Video Screencast Help
Security Community Blog

The Causes of Data Breach

Created: 07 Oct 2008 • Updated: 02 Mar 2009
Kevin Rowney's picture
0 0 Votes
Login to vote

The Verizon 2008 Data Breach Investigation Supplemental Report just came out and the results shed new light on the real causes of data breach.  It's difficult to get hard evidence on what's behind the high and rising breach rates globally so when new substantial in-depth analysis comes out, I pay careful attention.

In past posts, I talked about methodological problems with other survey methods and tried to resolve the inconsistencies between what is publicly reported and what we (the DLP Division of Symantec) see on enterprise networks.

In short, I believe this report contains evidence backing the case that many data breach risks are in fact preventable conditions using DLP.  Since this very tightly aligns with our (substantial) anecdotal evidence from the field, it's pretty exciting to see confirmation of these same trends from a third party.

First off, Where Did this Data Come From?

Verizon ran a four-year study across hundreds of breach investigations collecting a swath of crucial details capturing the underlying reasons for the loss of data.  This supplemental report and the original release of the analysis are both based on "500 forensic engagements handled by the Verizon Business Investigative Response team."  If you want to know about the causes of data breach, a good place to look would be the post-mortem analysis of breached enterprises and this report provides that data at length.  Admittedly, there is no ‘control group' in this study; nor are there any longitudinal or prospective components of this study that would compare the quality of defensive practices over time and between various organizations.

Having said that, it's still a really impressive piece of work and the security community should be grateful for this hard data that's very much in keeping with "New School" thinking that seeks to quantify and rationalize the practice of security.  The breadth and rigor of this study is impressive.

Takeaway #1: Partners and insiders represent the highest risk

I was disappointed in much of the early blog postings and press that covered this report who seemed to think Verizon's analysis finally "punctured the myth" that insider threats were more serious than the problem of hackers.  In this updated analysis, clearly the Verizon team is trying to emphasize and elaborate on the original report findings that basically said no such thing.  Evidently many critics didn't read the original report in detail but in case there's any remaining doubt, the Supplemental now asserts plainly: "Though data breaches are more likely to originate outside the organization, insiders tend to cause larger breaches."

In a further elaboration of the results from the original report, the Supplemental summarized the aggregate harm created by various classes of threat agents via a "Simplified Risk Calculation" on page 5.  The three classes of threat agents in this report are "External," "Internal," and "Partner."  A concise summary of that table follows:



Notice the trends that in each of the major industry verticals.  In each vertical, the top ranked origin of risk is "Partner" or "Internal" and in most categories "External" (i.e. hackers) rates last.  My read of this chart is that the origin of data breach risks are primarily an outcome of poorly managed risks around the use and abuse of data by partners and insiders.

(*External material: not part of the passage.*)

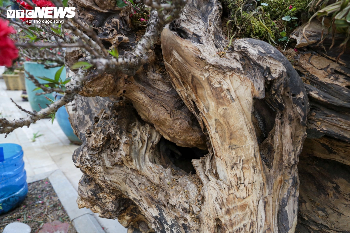 Điểm đặc biệt của cặp đào không chỉ nằm ở giống quý hiếm mà còn ở hai khối gỗ hoàng đàn Lạng Sơn có tạo hình đẹp mắt, tỏa mùi hương thơm nhẹ đặc trưng. Mỗi thân gỗ hoàng đàn được ghép từ 3 - 4 gốc đào thất thốn với nhiều dáng thế khác nhau, tạo nên tổng thể độc lạ.

In fact, although hackers represent a higher count on the number of incidents, the aggregate harm (in terms of record count) is substantially higher from insiders and partners.

In my opinion, there is an undue emphasis on the problem of hackers as the origin of the problem of data breach.  No doubt, externally driven sources of a breach are a problem; but if you are managing the risks around data breach, this report indicates that the top-of-mind concern should be what's happening inside your LAN.  Your first concern likely out to be what your employees and partners are doing with your most critical data.

DLP solutions answer exactly these questions.  Content aware detection and blocking across a range of possible routes of egress of the data is a core DLP value proposition.  In my reading of this report, it seems clear that DLP solutions could do a massive amount of good in reducing the primary causative risks behind data breach.

Takeaway #2: Data stored online is the primary target of breach

More interesting data is found in Table 7.:  "Compromised Assets (Percentage of Records)".  There you see evidence that backs a claim I've made previously on this blog: smash and grab laptop theft is an over-reported form of breach that represents low levels of risk compared to exposure of data stored on the LAN.  The percentage of "compromised records" (not publicly reported breaches) reported by vertical are Financial (74%), Food (98%), Retail (87%), and Tech (73%) respectively. Clearly online data represents the vast majority of the forms of compromised records dwarfing the asset types of "end-user devices," "offline data," and "networks and devices."

Remember, the methodology behind this report is a summary of the circumstances where a known breach was perceived to have caused significant enough harm that a full forensics investigation team was retained.  In these cases the online assets are clearly the primary target. 

What you should take away from this if you are trying to manage risks of data breach is that online data assets are (unsurprisingly) the most common target.

Takeaway #3: The Most Common Cause of Data Breach is the "Unknown unknowns"

The Supplemental report cites, on p. 20, a key theme using the famous quote from Donald Rumsfeld around the danger of "unknown unknowns."        

"Nine out of 10 data breaches involved one of the following:

+ A system unknown to the organization (or business group affected)

+ A system storing data that the organization did not know existed on that system

+ A system that had unknown network connections or accessibility

+ A system that had unknown accounts or privileges

We refer to these recurring situations as "unknown unknowns," and they appear to be the Achilles heel in the data protection efforts of every organization."

This pretty much exactly reflects our experience in DLP risk assessments.  Every organization where we've run a risk assessment is surprised by how widely spread these ‘unknown unknowns' have proliferated throughout their organization.  In fact, Symantec DLP is about the best tool on the market at finding the number one most dangerous 'unknown unknown': finding sensitive data that the organization did not know existed on that system.

It's for this reason we believe DLP systems play such a crucial role in reducing the overall risk of data breach.  If - in nearly seven out of every ten cases - data breach events involve data exposure events that could have been remediated by DLP; it seems fair to claim that a very large percentage of the current data breach problems are in fact preventable conditions.

Tying it all Together

In summary, this study indicates the generic profile of high risk data breaches is:

* Committed by partners or insiders.

* Perpetrated against data stored online.

* In a system on your own LAN where you had no idea it was stored.

DLP systems specialize in the detection of precisely these kinds of events.  DLP platforms offer detection of exposure of confidential data in all its manifold forms (on rogue servers in the local LAN, in email sent to partners, in channels exfiltrated by hackers, on thumb drives copied over by malicious insiders, and on and on...) This report by Verizon indicates that these protections are a critical form of risk management that no enterprise can no longer afford to ignore.

It's my hope that as we see Data Loss Prevention systems deployed more widely, we can slow down or even roll back the wave of data breach events that now dominate the headlines in the security trade press.

Kevin Rowney